On a second look, it looks like you are are joining that view twice,
at this point, I have no idea myself what it might be. But I guess it
has to search over 5M rows for each of 105 in other query.

I wonder what more experienced guys here will have to say about it.


--
GJ

От:
Matthew Wakeling
Дата:

On Thu, 16 Apr 2009, Grzegorz Jaśkiewicz wrote:
> On a second look, it looks like you are are joining that view twice,
> at this point, I have no idea myself what it might be. But I guess it
> has to search over 5M rows for each of 105 in other query.
>
> I wonder what more experienced guys here will have to say about it.

That view appears as a two-column table, so I have joined something on
both of those columns, yes.

Interestingly, joining the dataset table breaks the query plan, but that
table only has 77 rows, and it is joined on by its unique primary key
index. That should be really trivial for Postgres to do.

Matthew

--
 I quite understand I'm doing algebra on the blackboard and the usual response
 is to throw objects...  If you're going to freak out... wait until party time
 and invite me along                     -- Computer Science Lecturer

От:
Matthew Wakeling
Дата:

On Thu, 16 Apr 2009, Grzegorz Jaśkiewicz wrote:
> On Thu, Apr 16, 2009 at 11:37 AM, Matthew Wakeling <> wrote:
>>
>> I have a query that is executed really badly by Postgres. It is a nine table
>> join, where two of the tables are represented in a view. If I remove one of
>> the tables from the query, then the query runs very quickly using a
>> completely different plan.
>
> And what happens if you execute that view alone, with WHERE .. just
> like it would be a part of the whole query? ((id = 1267676))

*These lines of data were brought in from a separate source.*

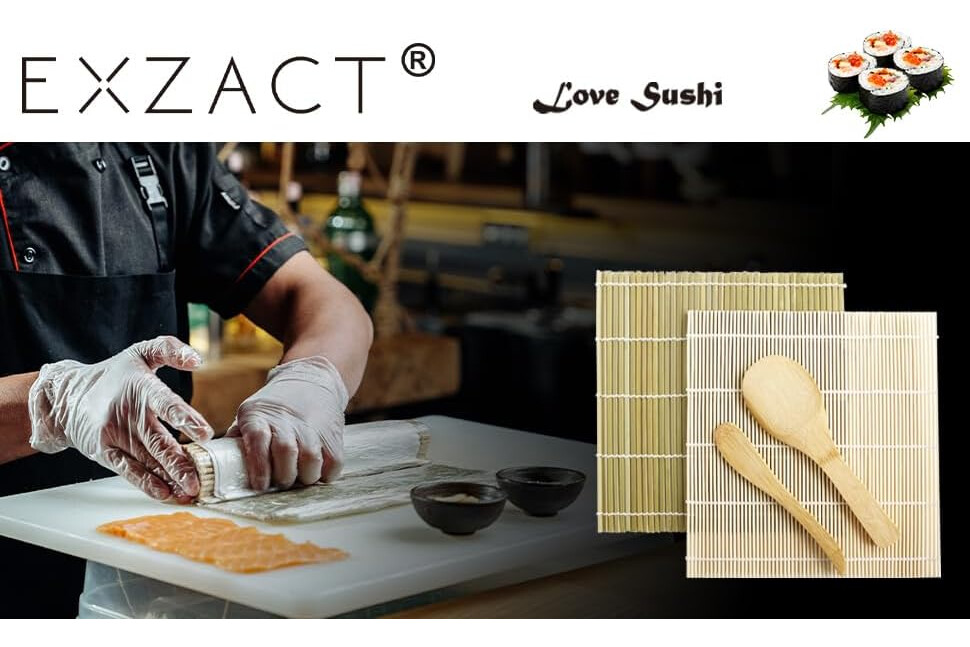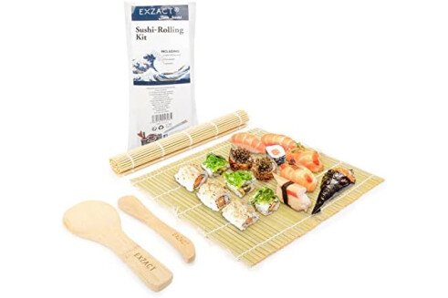 Exzact Kit de bambú para enrollar sushi 4 piezas – 2 x esteras, 1 x paleta de arroz, 1 x esparcidor de arroz, Todo natural (EX-SR04)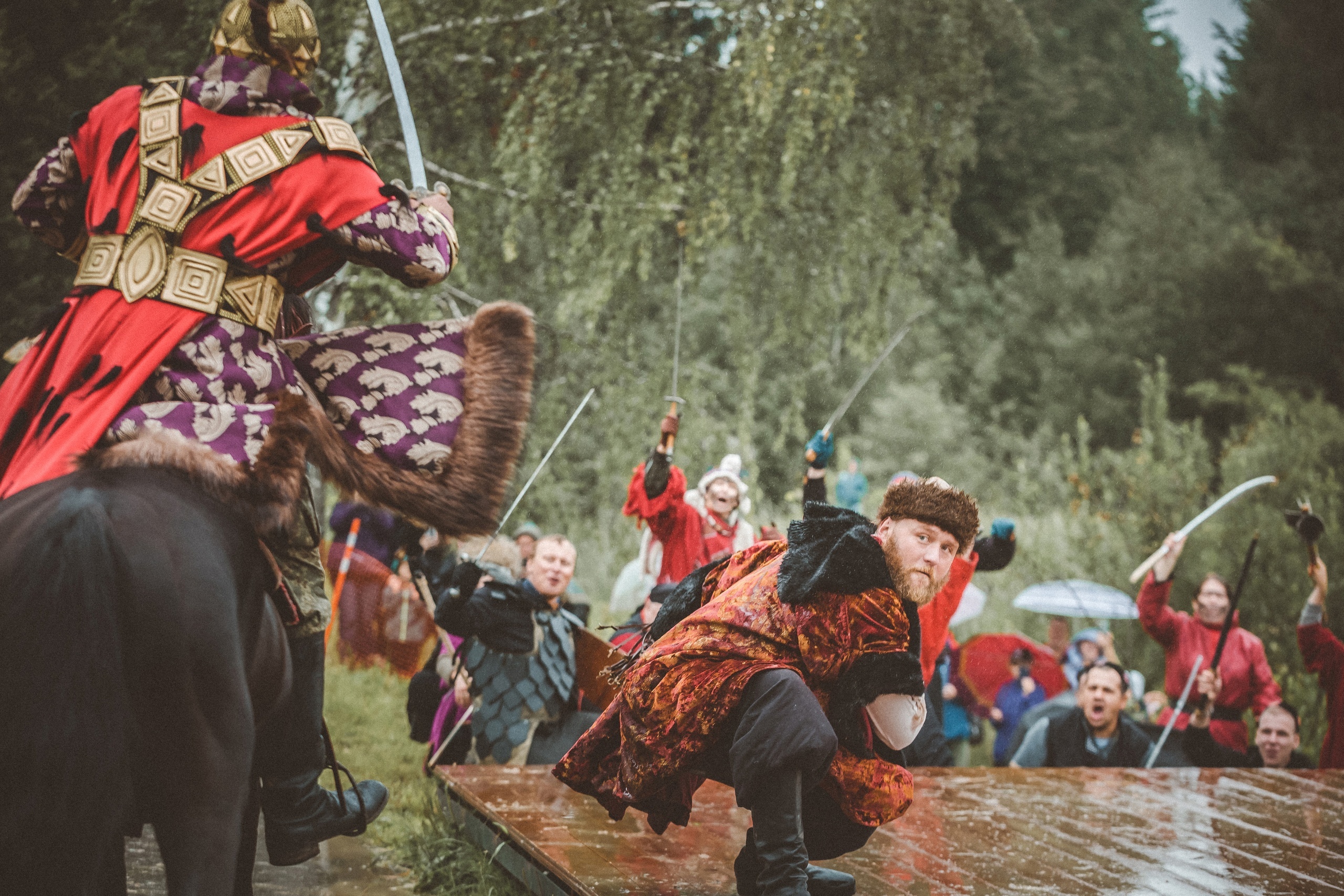 Её спустили на воду в парке «Ермак». Там же развернулось реконструкторское шоу по мотивам истории покорения Сибири.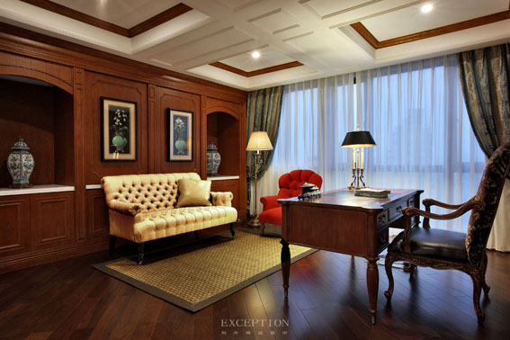 簡歐風格的迷人之處就在于造型、紋路、雕飾和色調簡約而細膩,耐人尋味處散發出亙古久遠的芬芳。而在美式風情的渲染之后,淡妝濃抹的木色,為細膩溫婉的硬裝潤色七彩陽光,砰然撞擊著視網膜的最大閾值,為靜美的空間注入了一份熱情的浪漫。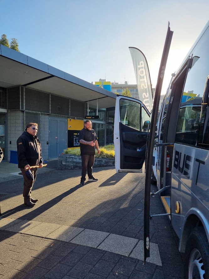 The new bus service offering public transport within the local communities and connecting them to the city at the University was blessed by Kaumatua of Ngāti Haua and Ngāti Wairere on February 8. Karakia, songs and speeches were shared and heard and the ribbon cut by the Chair of the Waikato Regional Council(WRC), Pamela Storey. Waikato District Council Mayor, Jacqui Church, Councillor Crystal Beavis, staff of the Kinetic Bus Company, WRC and Council staff involved with the planning and promotion of the service and local community Committee members were also present. We got to meet Laura who will be the driver most of the day from 10.30 to the last run. Route details below. Any queries you have may be brought to the Matangi Community Meeting on Tuesday 13 February at the Matangi Hall, 7.30 p.m.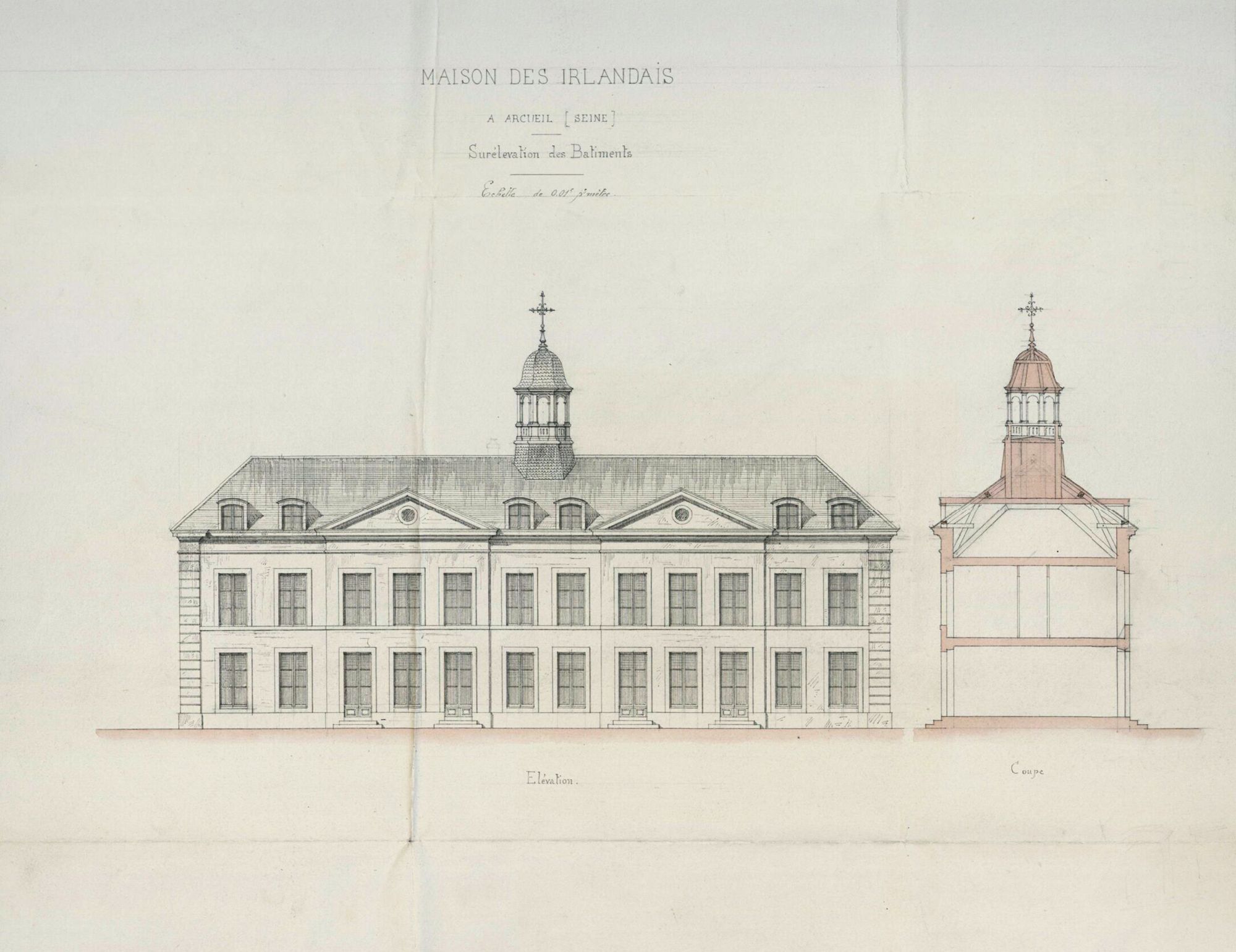 - la maison de campagne d'Arcueil, dont une étude manuscrite du domaine, à l'encre et au lavis, des bâtiments, cours, jardins et parcs qui composaient le Collège des Irlandais d'Arcueil. Il s'agit d'un recueil complet avec trois plans et un dessin de la façade de la maison de campagne avec, sur la première page, une note explicative de Charles Ouin-la-Croix, 1872 (Arcueil, plans, A4.f3).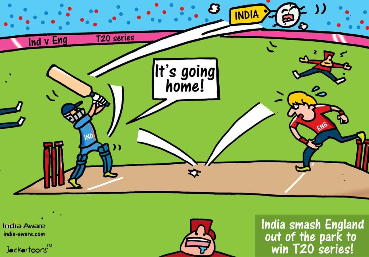 संकेत जैक ने भारत-इंग्लैंड की टी -20 सीरीज़ में भारत की जीत पर अपना रुख दिखाया हैं और उन्होंने ‘नारे’ पर तंज किया हैं की फुटबॉल विश्व कप में इंग्लैंड लगातार आगे बढ़ रहा हैं – यह घर आ रहा है।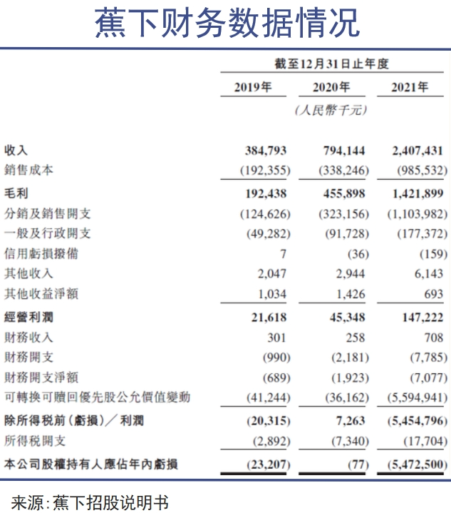 在KOL的造勢(shì)與明星代言影響力加持下,蕉下產(chǎn)品與品牌聲量持續(xù)爆炸,但出色的營(yíng)銷能力換回來(lái)的實(shí)際利潤(rùn)卻難以達(dá)到管理層的預(yù)期。2019-2021年,蕉下的毛利分別為1.9億元、4.6億元、14.2億元,而經(jīng)營(yíng)利潤(rùn)僅有2162萬(wàn)元、4535萬(wàn)元、1.47億元。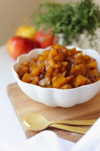 Todays chutney is made with spiced apples, but you can make chutneys with everything from tomatoes to mangos depending on what they will be paired with.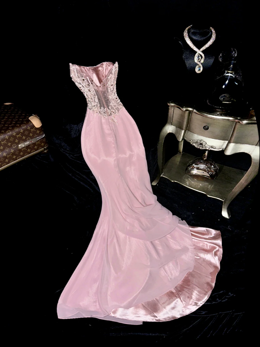 Pink strapless fitted waist elegant fairy long ball gown R6951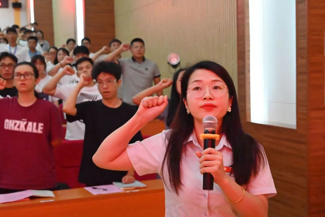 開班典禮上,為增強(qiáng)新任教師的榮譽(yù)感和使命感,黃秋霞副書記帶領(lǐng)新入職教師進(jìn)行了入職宣誓。全體新任教師整齊肅立,右手舉拳,面向國(guó)旗,進(jìn)行了莊嚴(yán)的入職宣誓。

Really quick, just like the query that works in my email.

SELECT *
FROM
     gene AS a1_,
     LocatedSequenceFeatureOverlappingFeatures AS indirect0
WHERE
         a1_.id = 1267676
     AND a1_.upstreamIntergenicRegionId = indirect0.LocatedSequenceFeature

                                                                  QUERY PLAN

--------------------------------------------------------------------------------------------------------------------------------------------
  Nested Loop
    (cost=0.00..38.57 rows=1 width=168)
    (actual time=0.759..27.723 rows=142 loops=1)
    Join Filter: ((l1.subjectid <> l2.subjectid) AND (l2.objectid = l1.objectid))
    ->  Nested Loop
          (cost=0.00..10.02 rows=1 width=176)
          (actual time=0.136..0.149 rows=1 loops=1)
          ->  Index Scan using gene_pkey on gene a1_
                (cost=0.00..4.29 rows=1 width=160)
                (actual time=0.059..0.062 rows=1 loops=1)
                Index Cond: (id = 1267676)
          ->  Index Scan using location__key_all on location l2
                (cost=0.00..5.70 rows=2 width=16)
                (actual time=0.067..0.071 rows=1 loops=1)
                Index Cond: (l2.subjectid = a1_.upstreamintergenicregionid)
    ->  Index Scan using location_bioseg on location l1
          (cost=0.00..12.89 rows=696 width=16)
          (actual time=0.092..24.730 rows=1237 loops=1)
          Index Cond: (bioseg_create(l1.intermine_start, l1.intermine_end) && bioseg_create(l2.intermine_start,
l2.intermine_end))
  Total runtime: 28.051 ms
(10 rows)

Matthew

--
"Take care that thou useth the proper method when thou taketh the measure of
 high-voltage circuits so that thou doth not incinerate both thee and the
 meter; for verily, though thou has no account number and can be easily
 replaced, the meter doth have one, and as a consequence, bringeth much woe
 upon the Supply Department."   -- The Ten Commandments of Electronics

От:
Robert Haas
Дата:

2009/4/16 Matthew Wakeling <>:
> On Thu, 16 Apr 2009, Grzegorz Jaśkiewicz wrote:
>>
>> On Thu, Apr 16, 2009 at 11:37 AM, Matthew Wakeling <>
>> wrote:
>>>
>>> I have a query that is executed really badly by Postgres. It is a nine
>>> table
>>> join, where two of the tables are represented in a view. If I remove one
>>> of
>>> the tables from the query, then the query runs very quickly using a
>>> completely different plan.
>>
>> And what happens if you execute that view alone, with WHERE .. just
>> like it would be a part of the whole query? ((id = 1267676))
>
> Really quick, just like the query that works in my email.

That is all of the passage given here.